His old Saxe-Coburg friend chortled. "Didn't get to your new honor."
"In time, in time, he asked about the other first."
"All right. You know my father was one of Victoria's sons -- one of those who had the bleeding disease, you know. Grandmother had four sons, Uncle Albert Edward became king, and Uncle Arthur is a general in their army. When Great-Uncle Ernst died they made Uncle Alfred the new Duke of Saxe-Coburg. But then he died, and I inherited.
"Then there came the War. There was all that suspicion about foreigners all over. Remember all the frothing in Russia about how Tsarina Alexandra was in our pay?"
"In America they totally destroyed all their German-American societies," Manfred said, and thought ruefully of how the Teutonia Society had filled that void, giving Goebbels a good foothold abroad.
"And, if I may say so, we too had a few exaggerations. But I was talking about England. Cousin George went through this meaningless ritual of saying 'I am not a Hun, I have no Hun titles.' If David ever comes to Coburg I may call him 'Herzog von Sachsen-Coburg und Gotha' instead of 'Duke of Windsor' and see how he reacts.
"It worked both ways, their Parliament passed a law depriving us evil Huns of our British titles."
Then his mood shifted, he spoke very light-heartedly. "You know what? After that little affair near Grodno, back in September, they found they had made a mistake. Nasty old Hun Carl really wasn't a nasty old Hun, and what what, there was a mistake. They'd accidentally put him on the bad list. Their mistake."
"I don't understand," Eitel-Friedrich said.
Carl braced himself up. "Two weeks ago, Herren, I went to London, and there, under
the eyes of the Herr Lord Maugham and the rest of the House of Lords, I signed the roll, took my seat, and listened dutifully to a debate on a fisheries bill. You must understand, we Royal Dukes do not ordinarily speak in the House."
"Now I see. So you are this 'Duke of Albany' I have heard of," Eitel-Friedrich said, shaking his head as he said the title in the English form. "Whatever.
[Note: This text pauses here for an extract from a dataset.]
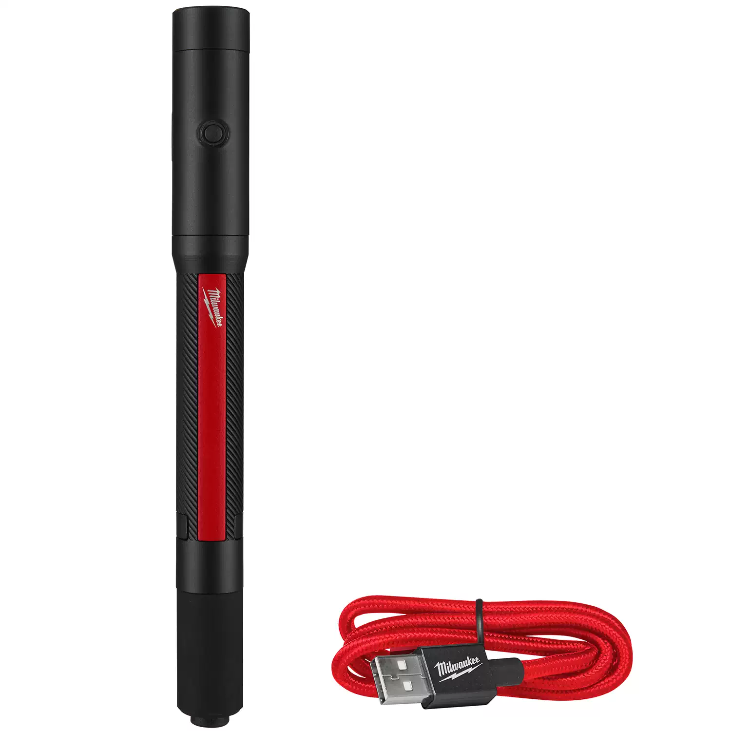 The MILWAUKEE Rechargeable 250L Penlight w/ Laser offers faster, more accurate inspections. This rechargeable penlight delivers 250 lumens of TRUEVIEW HIGH DEFINITION OUTPUT, and an integrated laser pointer ensures faster inspections and accurate communication on the jobsite. A built-in protective rubber bite zone allows for quickly directing light while performing two-handed tasks. With two output modes, get the optimal light or run-time up-to 8 hours for any task. Stay ready from job-to-job with USB charging and an on-board battery indicator. The removable metal clip offers a secure attachment to shirts or pant pockets for reliable storage. This penlight with laser pointer is built to survive the toughest jobsite conditions with an IP67 water and dustproof rating and withstands impacts up to 2 meters. The Milwaukee Rechargeable 250L Penlight w/ Laser’s built-in battery gives high performance and rechargeable capabilities where compact size is critical. The Milwaukee Rechargeable 250L Penlight w/ Laser is covered by a 2-year warranty.

Now what is it about this English honor Manfred here, or perhaps I should say, the Herr Fürst von Richthofen, has received?"
Manfred nodded. "His Royal Highness here was pleased to grant me the Ducal House Order during the War for having saved him from an annoying bombing. Our allies also competed in hanging medals upon the Red Battle-Flyer. Now we have another war and a different set of allies, but some things never change."
"Oh go ahead and say it," Carl said. "The Order of the Bath is Britain's military honor! Nelson and Wellington had it! And now you, too."
Manfred sighed and said, "Before I can go on my vacation, I have to go to London to be invested. Next week, with Guderian, Rundstedt, and Fritsch. Manfred Fürst von Richthofen, G.C.B., at your service, your Royal Highness." He said the last in English, clicked his heels, and bowed to Carl -- or, in this context, the Duke of Albany.
"And none better deserving to join such a distinguished company," Carl said.
"World turned upside down again," Eitel-Friedrich snorted.
The clock ticked, and Bolko tapped his brother on the shoulder. "It's almost midnight," he said.
"Right."
Manfred pushed his way through the crowd to the spot before the fireplace. When he got there, he eyed the clock on the wall and raised his voice. "HERREN UND DAMEN!" They fell silent, almost.